By Akash Rathi, Advocate, Partner at Lex Maven
Recently the Hon’ble Supreme Court in the matter of Satyendra Singh Vs. State of UP and Another SLP (Civil No. 29758/18) vide order dated 18/11/2024 (Pamidighantam Sri Narasimha J. and Sandeep Mehta J.) has come across a case where delinquent was imposed punishment of Censure Entry as well as Stoppage of two grade increments with cumulative effect.
Procedure Adopted By Disciplinary Authority
In the present case the disciplinary authority issued show cause notice to the delinquent employee alongwith inquiry report to which reply was submitted by the delinquent and disciplinary authority after considering the reply imposed major penalty.
Major Penalties
The statement governments have framed relevant discipline and appeal rules which define and provide for major penalty which include –
Major Penalties
(i) Withholding of increments with cumulative effect;
(ii) Reduction to a lower post or grade time scale or to a lower stage in a time scale;
(iii) Removal from the service which does not disqualify form future employment;
(iv) Dismissal from the service which disqualify from future employment.
and certain exclusions are also provided in the rules.
Judgments referred
- Roop Singh Negi v. Punjab National Bank and Others – (2009) 2 SCC 570
- Nirmala J. Jhala v. State of Gujarat and Another – (2013) 4 SCC 301
- State of Uttar Pradesh v. Saroj Kumar Sinha – (2010) 2 SCC 772
Legal position discussed
- The Supreme Court held that mere production of documents is not enough, contents of documentary evidence have to be proved by examining witnesses.

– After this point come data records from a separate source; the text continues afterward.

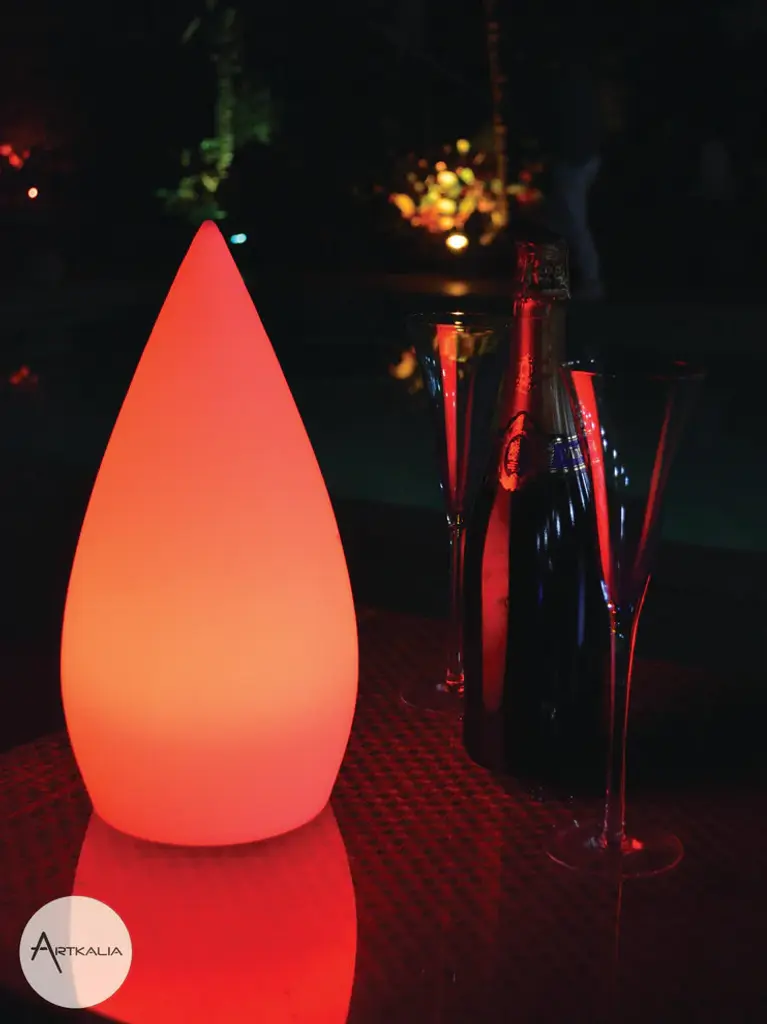 Featuring a shade in the shape of a droplet, the Artkalia Droppia Cordless LED Table Lamp is attractive lighting option. The lamp is battery-powered and its shade is waterproof, which allows for easy the outdoorss. Place this lamp on a small table in the bedroom or out on the patio for a unique way to light up the home.Droplet-shaped table lampWaterproof plastic shadeBulb type: LEDOperates on rechargeable batteriesCan be used with remote control (sold separately)
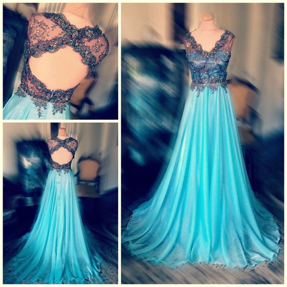 Black Lace Blue Chiffon Two-Tone Bridesmaid Dresses with Beading
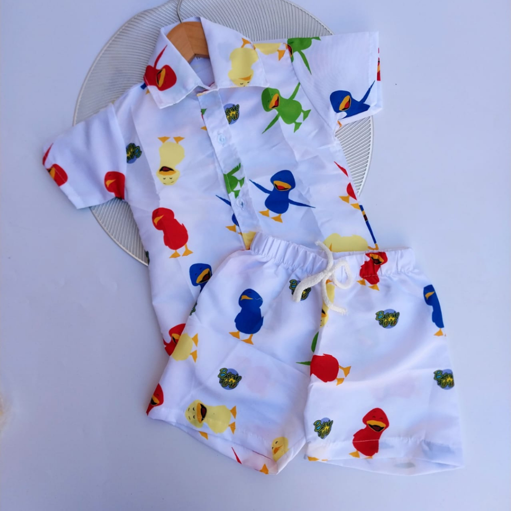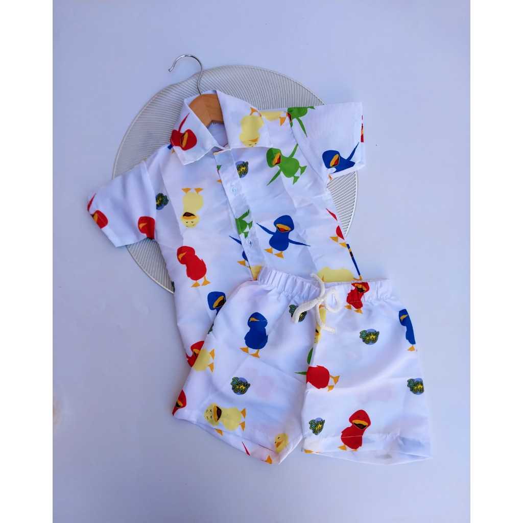 Conjunto Mauricinho Bento e tOTO Lindo conjunto social com estampa temática. Composto por camisa manga longa, calça comprida, suspensório e gravata borboleta. - Tecido leve, fresquinho e confortável. Composição: Conjunto com Blusa e short Garantia do vendedor: 10 dias
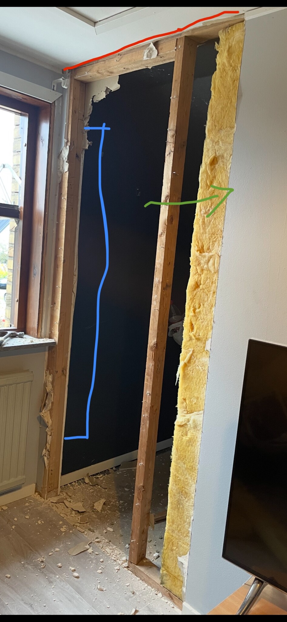 Den reglen som står mot ytterväggen(blå) vill va plocka bort och den till höger där jag markerat med grönt kommer flyttas bort där väggen slutar.
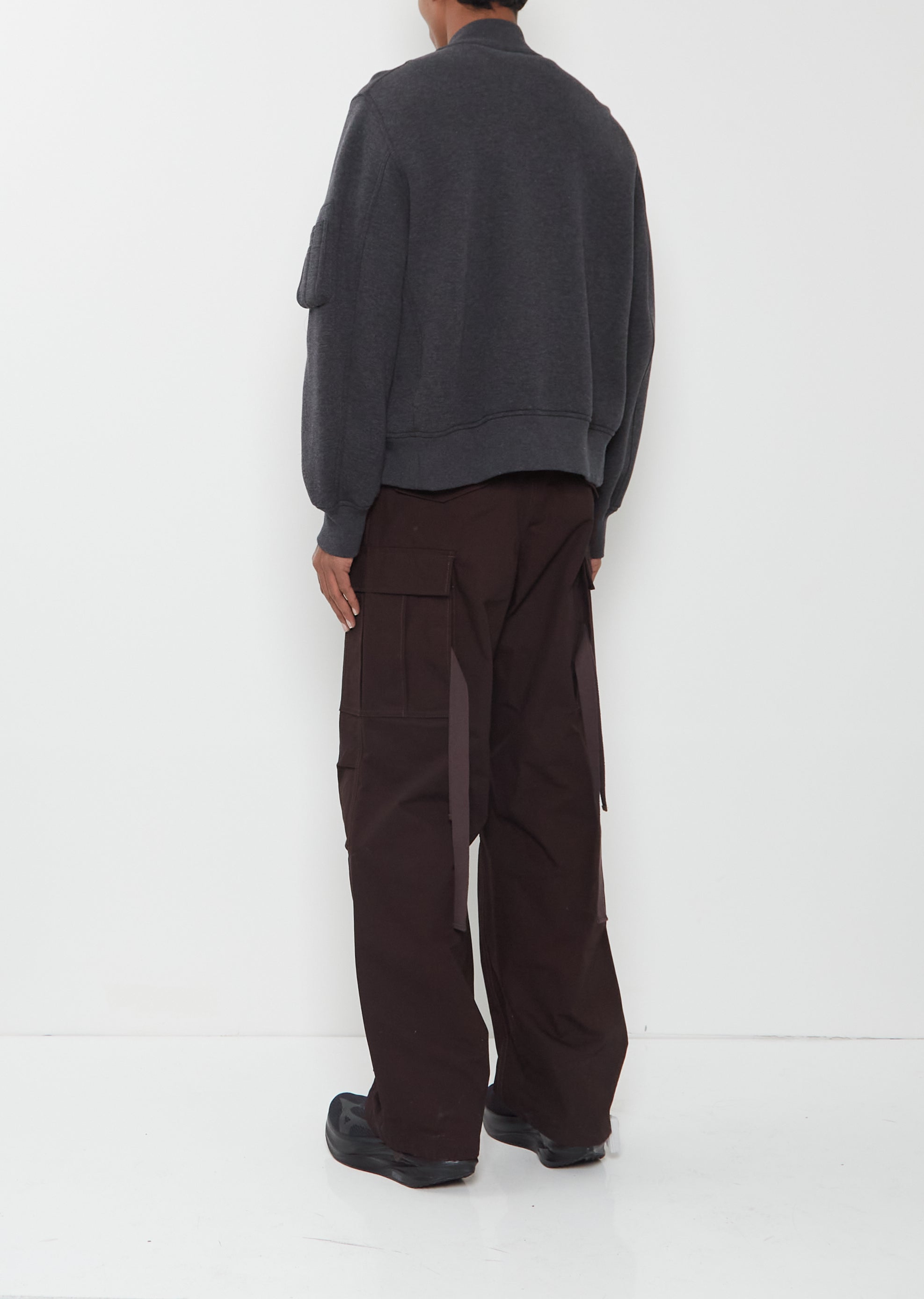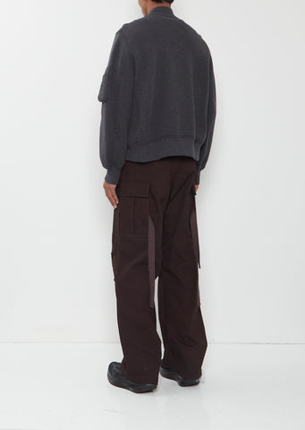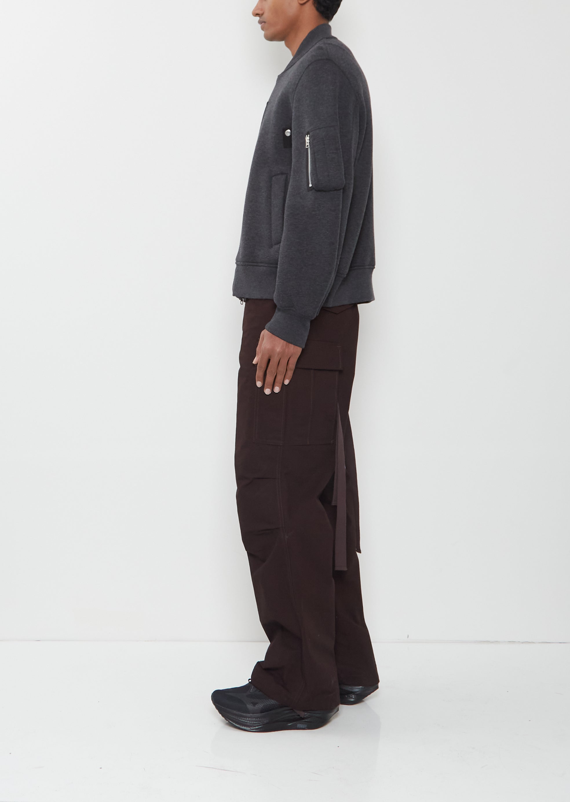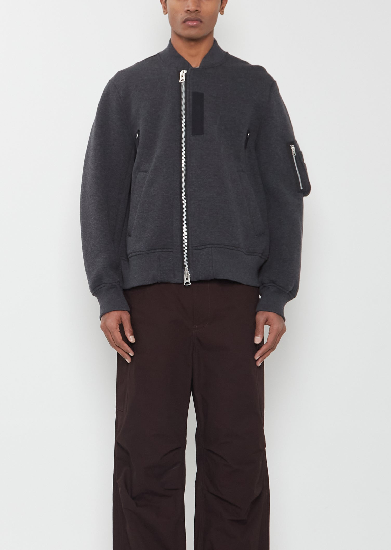 Sacai cool gray blouson with a bomber style collar and an asymmetrical double zip front in signature sponge sweat. Features press button herringbone tape details, press button welt pockets, signature zippered pocket at sleeve, and ribbed trim finish at collar, cuffs, and hem.

- The Supreme Court held that even in an ex-parte inquiry, it is the duty of the Inquiry Officer to examine the evidence presented by the Department to find out whether the unrebutted evidence is sufficient to hold that the charges are proved.
- The Supreme Court held that evidence recorded in a preliminary inquiry cannot be used for a regular inquiry as the delinquent is not associated with it and the opportunity to cross-examine persons examined in preliminary inquiry is not given
- An inquiry officer acting in a quasi-judicial authority is in the position of an independent adjudicator. He is not supposed to be a representative of the department/disciplinary authority/Government.
Held
The Hon’ble Supreme Court in Para No. 17 held as follows –
Thus, even in an ex-parte inquiry, it is sine qua non to record the evidence of the witnesses for proving the charges. Having tested the facts of the case at hand on the touchstone of the Rules of 1999, and the law as expounded by this Court in the cases of Roop Singh Negi and Nirmala J. Jhala, we are of the firm view that the inquiry proceedings conducted against the appellant pertaining to charges punishable with major penalty, were totally vitiated and non-est in the eyes of law since no oral evidence whatsoever was recorded by the department in support of the charges.
Conclusion
This judgment underscores the well settled jurisprudence that no one should be condemned unheard and in cases of major penalty, opportunity of hearing includes opportunity to cross examine the witnesses and charges can only be proved by examination of witnesses and mere show cause notice, preliminary inquiry and consideration of reply is not sufficient.